Я поставил тележку. Постоял, мучаясь сомнениями. Затем с отчаянной решительностью сходил за граблями. Сделал глубокий вдох и ринулся к баку. Ткнул граблями в месиво, подняв тучу мух. Пошарил граблями и сумел зацепить пару тушек. Кожа разлезалась, изнутри на траву молочными каплями падали личинки. Сдерживая рвоту, я отбежал глотнуть воздуха. Взял ножницы для стрижки овец, натянул рабочие рукавицы. Затем "через не могу" заставил себя вернуться.
С близкого расстояния виднелись мельчайшие подробности. Боже, какая гадость! Нет, это выше моих сил.
Я лежал ничком в роще и чувствовал, как возвращается горячка. Деньги! Думай о деньгах! Там крыс семьдесят, не меньше. А может, и все восемьдесят. Полкроны на восемьдесят дает сорок полновесных звонких крон.
Это твоя работа. Считай, что это твоя сезонная работа.
Новый бросок к баку. Щелк, полкроны. Щелк, крона. Раз, зацепил пару трупов в помойке, теперь на воздух - подышать.
Одна крона. Черт, всего одна крона. К свиньям собачьим.
Снова за грабли. Щелк, полторы кроны.
Вонь проникала внутрь, во рту появился вкус тухлятины.
Щелк, две кроны. Две с половиной.
Одуреть можно от этой вони.
Четыре кроны.
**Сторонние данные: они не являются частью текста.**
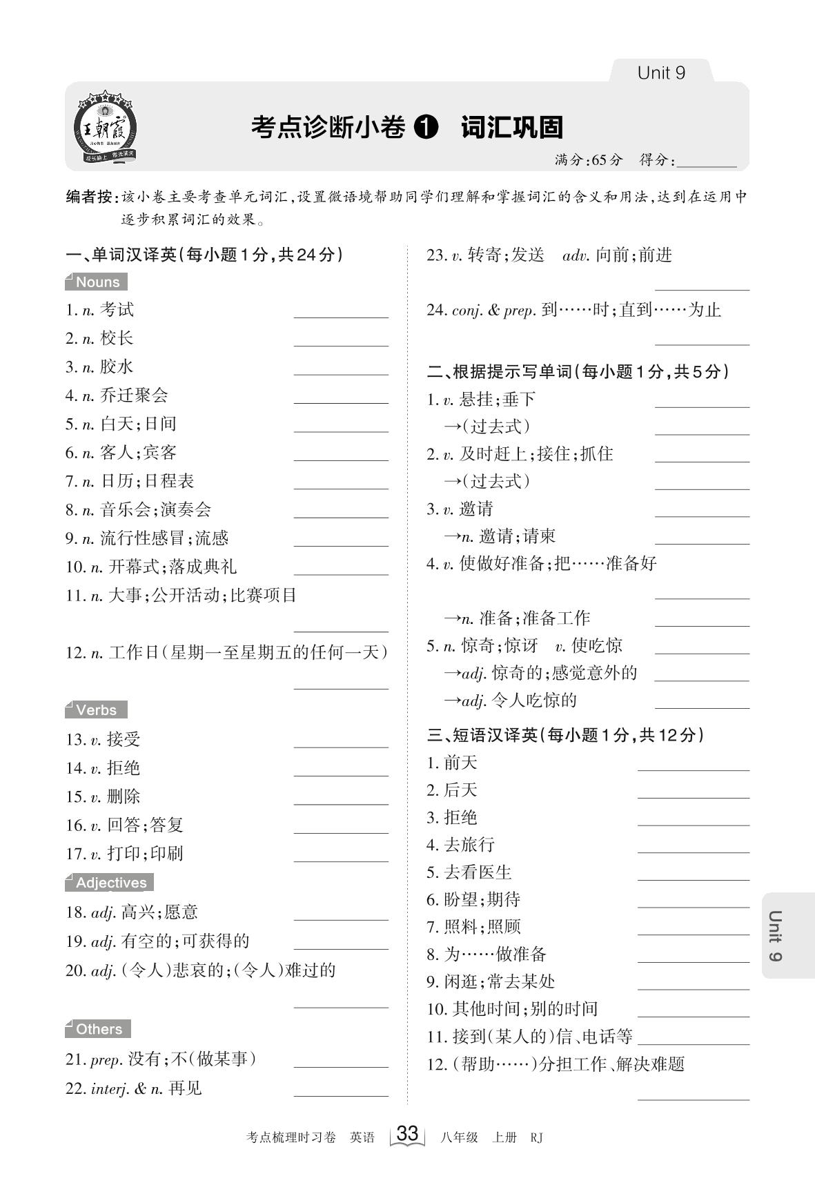 2023上册八年级英语人教版 Unit 9 考点诊断小卷1 词汇巩固_R230828152835372

Пять. Шесть с полтиной.
Хватит, да хватит же, придурок…
Дело шло медленно. Одни трупы сохранились лучше, были твердые. Другие расползались на части. Лапки с раскрытыми коготками, желтые поблескивающие резцы.
С крысами в бак попалось несколько крупных, величиной с кошку, неимоверно распухших полевок. Они плавали в нелепых позах, околев в чудовищной борьбе со смертью.
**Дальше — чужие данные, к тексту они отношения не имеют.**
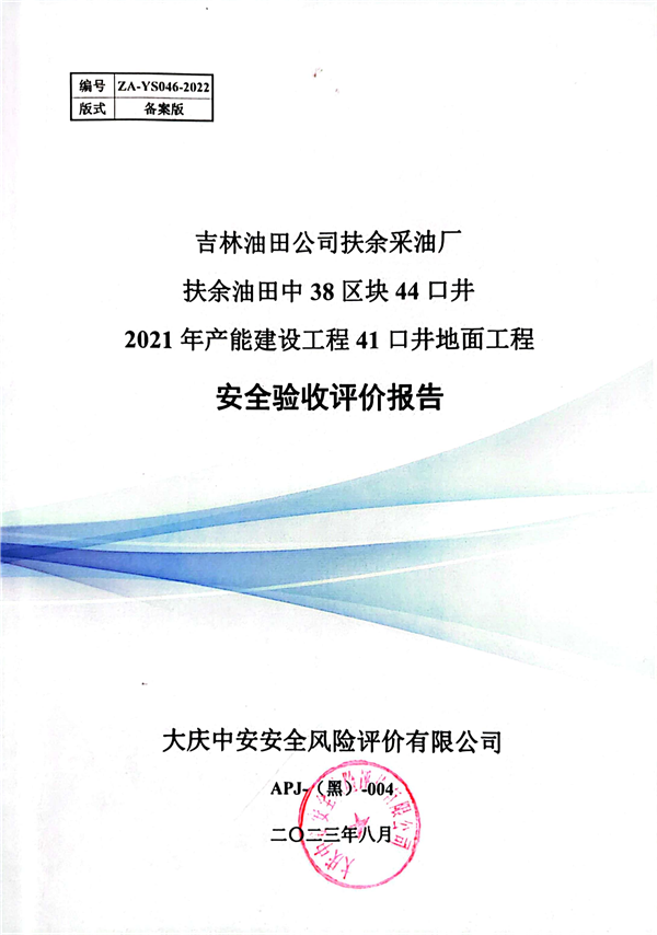 吉林油田公司扶余采油廠扶余油田中38區(qū)塊44口井2021年產(chǎn)能建設(shè)工程41口井地面工程 安全評(píng)價(jià)報(bào)告

Прошло почти все утро, прежде чем я заполнил первое ведро. Короткими перебежками я отнес его в лес. Содержимое булькало и пенилось. Я вылил его в яму. И вернулся к баку.
В мелких ловушках жертв было поменьше, но все они были такими же разложившимися. В крысоловках трупы были изъедены муравьями и успели засохнуть. Я провозился большую часть дня, чувствуя, что моя одежда пропиталась липкой вонью. Еще ведро. Обратно, щелк-щелк. Я почувствовал, что на рукавице шевелится что-то холодное, и стряхнул пару личинок. Мухи тучей застилали лицо, облепляли со всех сторон. Хоть бы шапка была. Ведро за ведром. В сторону - подышать. Вдох поглубже и обратно к баку.
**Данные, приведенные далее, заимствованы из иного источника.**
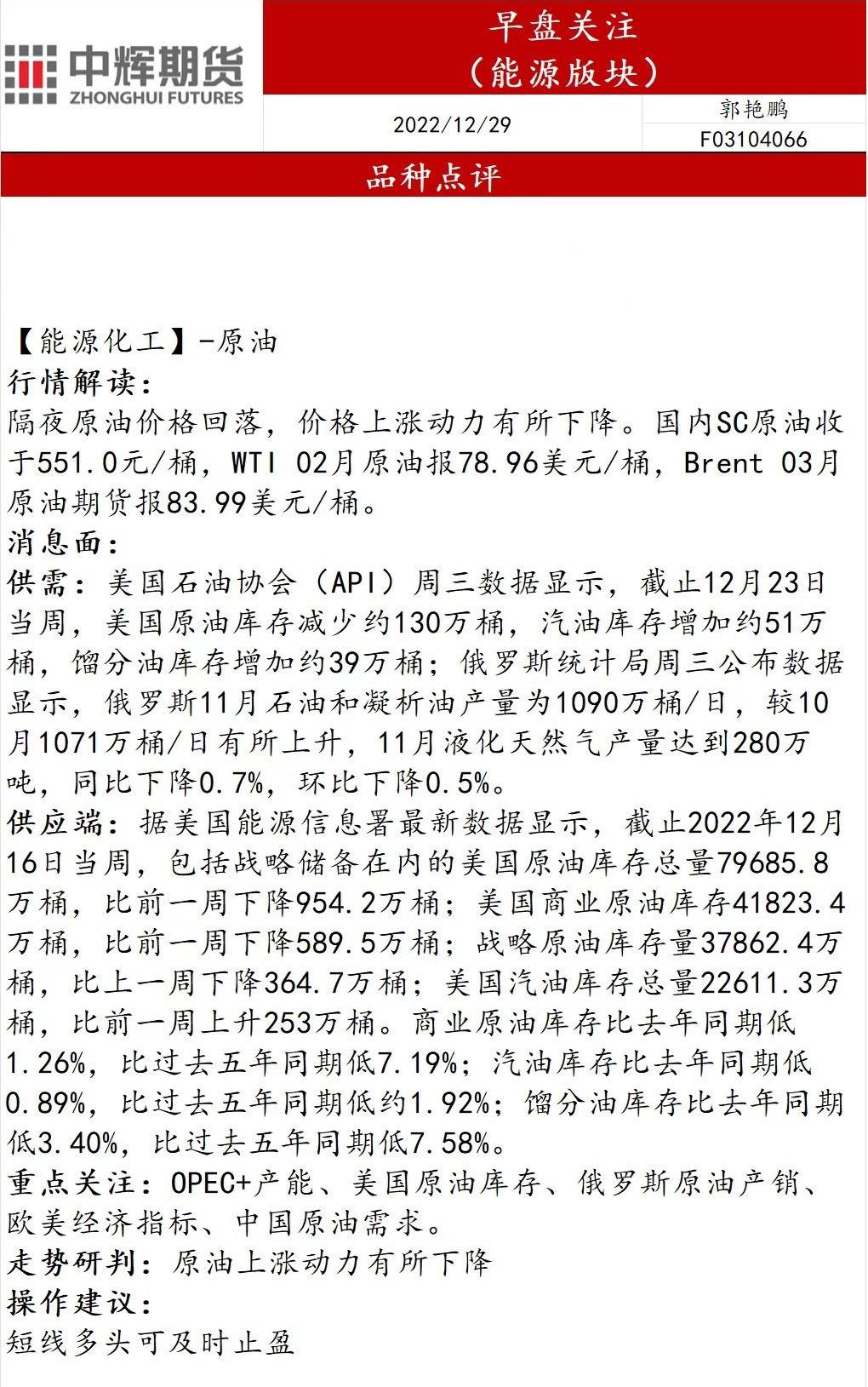 12月29日,中辉期货发布能源早盘关注,称原油上涨动力有所下降,建议短线多头可及时止盈。

Под конец в баке осталась лишь серая волосатая жижа на дне. Я прочесал ее граблями, и - о, радость! - там лежало четыре отделившихся хвоста - две кроны; когда я присмотрелся получше, то нашел еще один, полкроны - награда за внимательность.
Покончив с остальным, я перевернул тележку, высыпал землю в бак и плотно утрамбовал лопатой. Ну вот, следов этой мясорубки почти не осталось. Только клочок голой земли, которая вскоре зарастет травой.
Меня снова начало лихорадить; шатаясь, я пошел за канистрой с бензином. Оставалось последнее дело.
Яма в лесу была переполнена. Содержимое последних ведер растекалось по кустам. Мухи тучей кружили вокруг, но постепенно снова уселись как ни в чем не бывало, накрыв поляну густым шерстяным ковром, и принялись откладывать яички в нагретое солнцем месиво. Вонь стояла невообразимая - от трупной квашни, где росли и множились миллиарды микробов.
Я снова отбежал, чтобы вдохнуть свежего воздуха. Отвинтил крышку канистры, понюхал. Сладкий, крепкий запах бензина прочистил мне ноздри. Я собрался силами: последний бросок, и все будет кончено. Все сделано и забыто.
Чуть не падая в обморок, я поливал трупы бензином, брызгал, топил. Будто совершал священный обряд, пытаясь исправить содеянное. Зажег и бросил спичку.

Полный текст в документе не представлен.